A big clue here is that they say the results change on multiprocessor machines, this says to me that there ARE precision sensitivities like this in the code, that they are unhandled, and that they MATTER.
Oh, another issue for the readers who aren’t engineers.
Lets Say I have 5 digits of precision. I write
100*10 + 10/1000 – OK seems reasonable
100 x 10 = 1000.0 to five digit precision
10/1000 = 0.0100 to five digit precision
Adding we get
1000.0 + 0.010 which is 1000.01 – but that’s 6 digits of precision, at 5 digit precision the answer is 1000.0
Now let’s say the code repeats over an over adding 0.01 to 1000 a million times which should equal 11000 but due to precision the answer given is 1000.0 – this is what we call divergence. It’s bad, unless you ensure you don’t add small numbers to big numbers divergence can be a real problem in computers. Typically simulations or “Models” are of the Form X2=X1 + delta (f (X1) ) where f(X1) is some function of X1 and usually a small increment, so iterating means X can get larger while f(x) is small or even becomes smaller, eventually you’ll diverge.
@Bobl
Great simple examples of computational errors using computers. You have to understand the computational methods used by the code at a very deep level to avoid (or minimize) these sorts of issues. By the nature of the math, you cannot avoid it completely any more than you can exactly represent the square root of 2.

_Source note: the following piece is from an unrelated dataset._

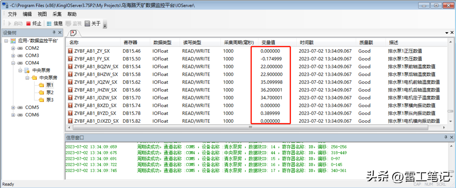 现场用KingIOServer采集西门子S71500数据,调试时发现数据值不对,经排查是变量采集属性中采集数据类型LONG,实际应为FLOAT,设置成FLOAT后数据正常。由于数据量比较大一个个修改比较费时费力,需要批量修改,下面记录批量修改操作过程。

Sometimes you can express the problem symbolically so that the actual numerical conversion only happens one time at the final output stage, if you can work out a general solution that applies at all scales, but when doing iterative math loops where you go over and over the same calculation each pass feeding a solution to the next pass through the loop you accumulate those small errors until they become big errors.
It would be interesting to see a high level computer math person do an errors analysis of what they are doing and figuring out the maximum number of passes through the iteration you can run before the errors run away with you.
@Bobl:
Yup! Wonderful examples. Especially loved the ‘with debug’ vs not. Priceless. It is the accumulation of a few thousand of those that makes an experienced programmer valuable.

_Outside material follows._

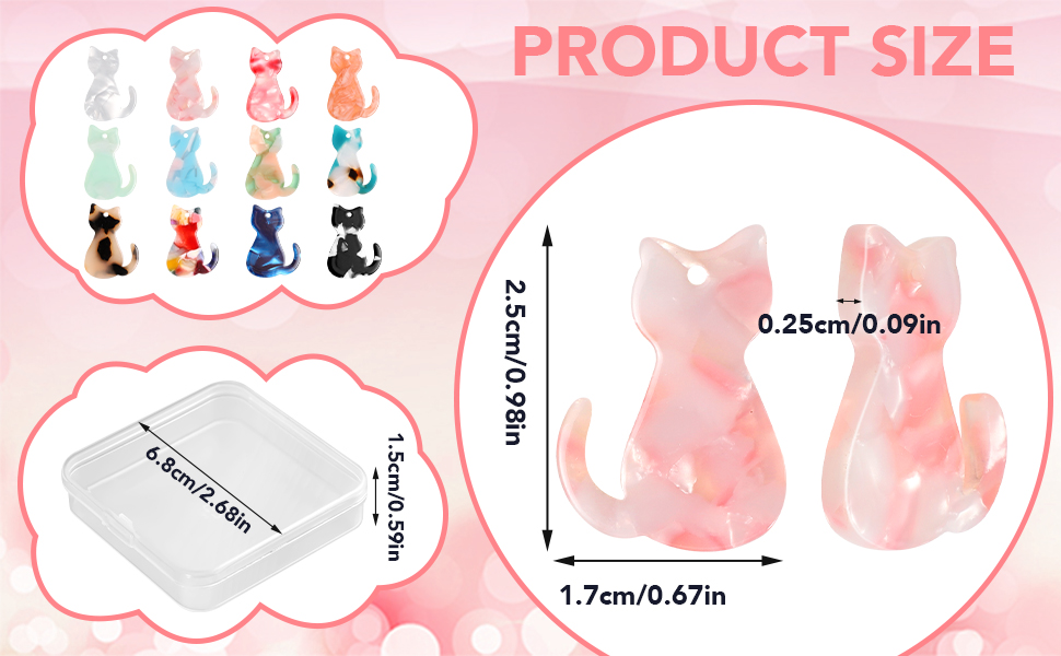 【Product Size】: These accessories have cute designs,each cat charms measures is 2.5 x 1.7 x 0.25 cm/ 0.98 x 0.67 x 0.09 inches, and the transparent storage box measures is 6.8 x 6.5 x 1.5 cm/ 2.68 x 2.68 x 0.59 inches.

I once had a program where the NAME of the function call changed the results. Drove me nuts for a week trying to ‘fix it’. Called the vendor: Compiler bug… not me at all… Short term fix? Change that function name to something else until it works… so for a month or so while writing it, every time it failed, I’d swap all my FUNC W to FUNC Z or back. It worked fine every time in the interpreter… (A language that was both interpreted and compiled… so I’d develop in the interpreter fine, but compile and Oh Oh… change all the FUNC W to FUNC Z again…) The compiler used the function name as ‘salt’ in the hash function so sometimes landed it on code space where it ought not to be… but change the salt, no problem…
One of my other favorite ‘gotchas’ is testing a FLOAT for .EQ. zero or 1 or some other INT value. Rarely does a FLOAT exactly equal zero or 1 or “whatever”. One of the problem sets that bit most folks was just such a thing. The better way being something like:
IF ( VAR .LT. 0.000001 ) GO TO ….
Where the exact value of 0.000001 is set at your error limit choice, assessed after thinking about just what is happening down in the maths… I remember helping other students where the test problem had gone from (limit of precision like) 0.0000000000001 to -0.0000000000001 never touching 0.0 and them wondering why their code was wrong… Making it a DOUBLE instead of a FLOAT doesn’t fix the problem, just moves it into longer run times….

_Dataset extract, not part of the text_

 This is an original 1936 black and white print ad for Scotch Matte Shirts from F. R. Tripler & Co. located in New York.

Yet what do we find in the “Model II” code? Lines like
Now one hopes. this is only after having set it to '0.' in the prior line for some cases so it can be zero exactly; but every one of those cases must be checked.
Now most of their comparisons are INTEGER, where that’s OK to do (so you have a variable starting with I through N compared to a value with no trailing decimal point, so 1 not 1. or 1.0 that flags it as a FLOATing point constant) yet through multiple programs there are the odd lines that compare a FLOAT to a fixed value…
Now I’ve not “done the math” to assess the risk in these. This is just a first pass “turn over the rocks” and see what squirms… BUT the existence of lines like that makes me squirm. It seriously needs thinking about to see if this would be better:
or better yet
Where ERRORBAND is set for each particular machine and word size used…
FWIW, on a first pass my assessment is that the programmers of Model II were very workmanlike, but a bit incautious at times, like above. They know the language and the rules well, avoiding most “issues”; but taking risks where I’m not sure they have mitigated them (or even realized them) in the odd lines like those two above. (Do note: It is perfectly FINE to do something like enter a loop and on the first pass have set the value of a variable to “0.” and then test for “0.” to not process in the same way on the first pass. The odds of subsequent passes ever hitting exactly “0.” are very small. What bites is doing any math then testing for “0.” or “1.” to do anything…)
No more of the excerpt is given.